Information
- League: Cuban National Series
- Location: Artemisa, Artemisa Province
- Ballpark: 26 de Julio Stadium
- Established: 2011; 14 years ago
- Nickname: Cazadores (Hunters)
- Colors: Red, blue and white
- Manager: Manuel Vigoa

Current uniforms
| Home | Away |

= Cazadores de Artemisa =

Cazadores de Artemisa (English: Artemisa Hunters) is a Cuban baseball team based in the city of Artemisa, representing the province of the same name. They are a member of the Cuban National Series and play their home games at 26 de Julio Stadium, opened in 1968 and with a capacity of 6,000 spectators.

==History==
Decades before the formation of the modern Artemisa team, an amateur club by the same name played in the Cuban Amateur League, organized by the Unión Atlética Amateur.
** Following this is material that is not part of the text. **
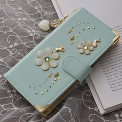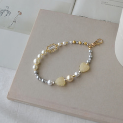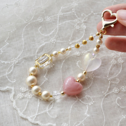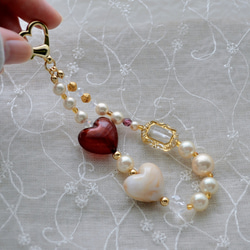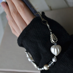 くもりガラス風のハート(アクリル製)、ダマスク模様のドイツ製ドロップビーズ、シャープな三角錐のビーズ、金具の形にもこだわり、一つ一つ素材をセレクトして個性的なストラップをお届けします。

This version of Artemisa was managed at one point by León Rojas, and included players such as Francisco Quicutis; Quicutis later managed the team to two Amateur League titles in 1958 and 1959.

In 2011, Cuban government decided to split La Habana Province (not including the City of Havana) into two newly created administrative divisions: Artemisa Province and Mayabeque Province. This led to the disappearance of the La Habana team and to the creation of the Artemisa and Huracanes de Mayabeque teams, who started playing in the 2011–12 Cuban National Series season.